# Spanish "Summer" Working hours ..



## Suenneil (Feb 17, 2009)

Not really a thread for others to join in .... more about me feeling very happy with my Spanish employers who have today implemented our Summer Working Hours ..... same every year!

Because its sooooooooooooooo hot, and even though a lot of our business is not conducted with clients based here in Spain ..... throughout the whole of August we will all finish the day at 2.30 pm ....... which gives me plenty of "life" time which I dont normally have the luxury of! Yippee ...

And throughout July I get to finish at 2 on Fridays to give extra weekend time .... lovely, lovely, lovely..

Sorry - I wanted to share that! Im working hard on my positive approach to life this month and so far its working well 

Hope you all have a good weekend too ......... Sue x :wave:


----------



## Tallulah (Feb 16, 2009)

Suenneil said:


> Not really a thread for others to join in .... more about me feeling very happy with my Spanish employers who have today implemented our Summer Working Hours ..... same every year!
> 
> Because its sooooooooooooooo hot, and even though a lot of our business is not conducted with clients based here in Spain ..... throughout the whole of August we will all finish the day at 2.30 pm ....... which gives me plenty of "life" time which I dont normally have the luxury of! Yippee ...
> 
> ...



Probably a stupid question - but when they cut the hours for these jornadas intensivas, do they pro rata the pay accordingly, or is that all taken into account with the contract, that hours will be shorter during the summer???

It's funny to see them all arriving at the beach when they finish early - turning up in their work suits and then stripping off to speedos and bikinis!!

Tally.xx


----------



## anles (Feb 11, 2009)

normally people work the same amount of hours... from 10 till 2 and from 4.30 to 7.30 in winter and from 8.30 to 3.30 in summer...


----------



## Suenneil (Feb 17, 2009)

Tallulah said:


> Probably a stupid question - but when they cut the hours for these jornadas intensivas, do they pro rata the pay accordingly, or is that all taken into account with the contract, that hours will be shorter during the summer???
> 
> It's funny to see them all arriving at the beach when they finish early - turning up in their work suits and then stripping off to speedos and bikinis!!
> 
> Tally.xx


Hi Tally

Dont know about anyone else but my pay remains the same - annual salary paid monthly. My contracted hours are 40 hours per week and I dont work "siesta" hours!!! When my summer hours kick in I work less but get paid the same ..... I suppose its all balanced out in my annual salary. It was lovely to get home while the sun was still shining and hot on Friday!! and August will be even better!

Sue


----------



## SteveHall (Oct 17, 2008)

Enjoy! 3 hours on the AP does not strike me as fun in that heat at ANY time though!


----------



## Mely (Jun 17, 2009)

hey Sue! Don't you just love it????

I am loving it and seem to be looking for things to do! the Afternoon gets soooo long! I actually have the last week of June, all of July and Agust and the first week of September. Total of 2 1/2 months!!! 

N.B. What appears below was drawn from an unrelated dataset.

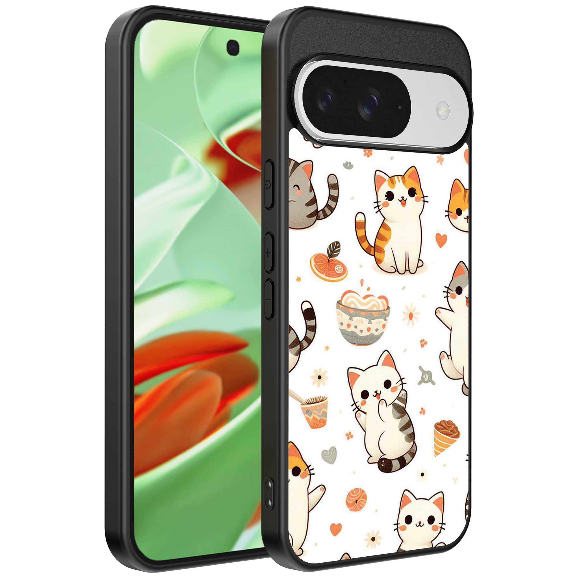 – 1x Google Pixel 9 Pro telefoonhoesje met katten opdruk

I got hired on this basis as the whole company closes. The pay doesn't lower during the summer. I also work 40 hours a week but work on siesta hours. 8:30 to 6:30 with 1:30 hour lunch. If I take only 45 mins, I can leave at 5:45. Pretty sweet deal so far! IN the summer I start at 8:00 and finish at 2:30.

Sue, I am surprised you don't get to finish early on fridays all year-round. I get this and so do the majority of companies in Madrid... That's a bummer to only get it in the summer!

I love this deal, only sad part is we don't have a beach close by to go strip down to my bikini out of my work clothes !!

Good positive lookout on life! Makes the summer a lot more enjoyable! Have fun!!!


----------



## Suenneil (Feb 17, 2009)

Mely said:


> hey Sue! Don't you just love it????
> 
> I am loving it and seem to be looking for things to do! the Afternoon gets soooo long! I actually have the last week of June, all of July and Agust and the first week of September. Total of 2 1/2 months!!!
> 
> ...


Hi Mely ..... you sound like you have a better deal than me!  But Im happy with my lot at the moment ..... Id love to finish every Friday early ... I think the reason is although we are a Spanish company, a lot of the work I am involved with (I work on the International side as opposed to the National side of the business) is focused on clients based in the UK and some other EU Countries, therefore we need to be available to them when they are open for business or when they would expect businesses to be open for them.
Anyway Im glad that you are enjoying your life here so much ...... and like me you are focusing on the positive side of life as mu ch as possible !!! Enjoy .... lane:lane:lane:


----------



## Mely (Jun 17, 2009)

Hey Sue. welll, I work for Acciona which is a fairly large international company (althought it is Spanish) and I work in the international field due to my 3 languages. 

It is a bummer for some country. i.e. Canada since they start working when we get off... but oh well. it seems to have been working fine for years so I am not going to start complaining ! 

With this much sunshine and free time.. who would complain??!!

:wave:


----------